The Straits Times, citing a senior Malaysian government official, said Volkswagen delivered the news on Thursday (Mar-29-2007) to Khazanah Nasional, the government’s investment arm which is Proton’s main shareholder. It also quoted a Malaysian bank chief executive, who was aware of Volkswagen’s decision, as calling it “a major setback.” Khazanah holds a 42.74 percent stake in Proton. State pension fund EPF (Employees Provident Fund) and national oil firm Petroliam Nasional Bhd (Petronas) owns 12.07 percent and 8.84 percent respectively.
“Clearly, they don’t want to pour any resources into turning Proton around,” the newspaper cited the unidentified Malaysian government official as saying. It’s a no-brainer for such a deal. Who in the world would be idiot enough to help revitalize an ailing and screwed-up company without getting a good return of investment?
Maybe the government still thinks the Proton is one of the greatest human inventions since compass. Already Malaysia premier Badawi stressed the identity of Proton will remains in the history of mankind. Your guess is as good as mine if it’s willing to sell the majority stake to Volkswagen. At the same time, the government wants the new partner to turnaround the sick company to profitable soonest possible. Proton might have set some impossible conditions which are not viable from the business’ perspective. With all these childish conditions, it’s a matter of time before the talk collapse.
Malaysian Prime Minister Abdullah Ahmad Badawi last week also said Proton was in talks with Volkswagen AG and would turn to US auto giant General Motors Corp. (NYSE : GM, stock) if those discussions failed. Maybe he knows the talk with Volkswagen will fails with such a statement.
Malaysia has already extended the deadline for a decision once, after saying last November it aimed to announce a partner by the end of January. The government had set a deadline of this Saturday for announcing a partner for Proton but Malaysian Deputy Prime Minister Najib Razak said Wednesday the the deadline might not be met.
“But it doesn’t matter,” he was quoted as saying by the state Bernama news agency.

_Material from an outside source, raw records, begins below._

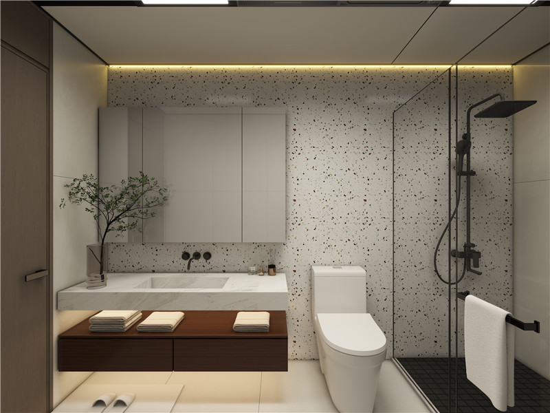 卫生间同样展现出简约时尚的魅力。博格铝蜂窝大板的运用,为空间增添了大气与质感;线性取暖器巧妙地融入其中,不仅在功能上为浴室提供了温暖舒适的环境,其简约的设计与博格铝蜂窝大板相互映衬,营造出时尚而又实用的氛围。
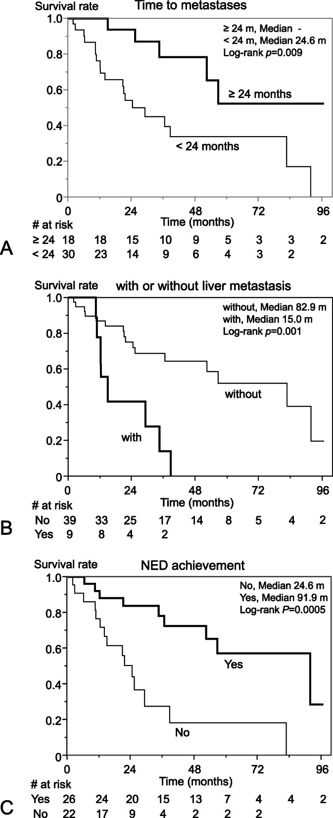 Results: Lung metastases were detected in nine patients (18.8%) and extrapulmonary metastases in 45 (93.8%). Interval from primary diagnosis to the first metastasis was significantly shorter in patients with lung metastases than without (p = 0.007). Median disease-specific survival after diagnosis of metastases was 52.5 months in all patients. In multivariable analysis, liver metastasis (hazard ratio (HR), 2.71 [95% confidence interval (CI), 1.00-7.09]) and no evidence of disease (NED) achieved by radical treatment (resection with or without radiation therapy, or radiation therapy ≥60 Gy) or semi-radical (radiation therapy ≥40 Gy) treatment were significantly related to survival (HR, 0.36; 95%CI [0.13-0.95]). The number of metastases (odds ratio (OR), 0.44; 95%CI [0.25-0.78]) and abdominal/retroperitoneal metastases (OR, 0.09; 95%CI [0.008-0.95]) were the significant inhibitory factors of achieving NED.
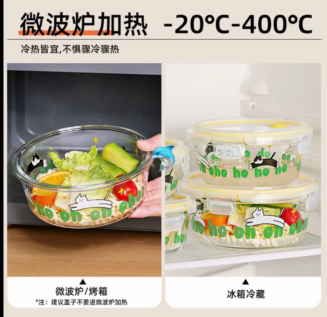 大号橘猫圆形保鲜碗
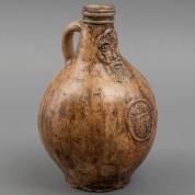 Steengoed baardmankruik met stadswapen op de buik, Frechen, eind 17e eeuw -randchips-, 26 × Ø 18 cm

If you read it right, the statement from Najib meant the government is not very particular concern if the talk goes through. Why set a deadline then if it’s not important? Losing money every quarter and it’s still not important enough to find a solution to it? Maybe losing face is much severe than losing hundreds of millions of dollars.
So it’s up to General Motors’s turn to harass Proton as it’s the only candidate left to become the strategic partner of Proton. Should the talk fails again you can see more of the taxpayers’ money goes into bailing out the pet project of former premier, Mahathir. With this latest news, Proton’s stock price might see continuous sell-down.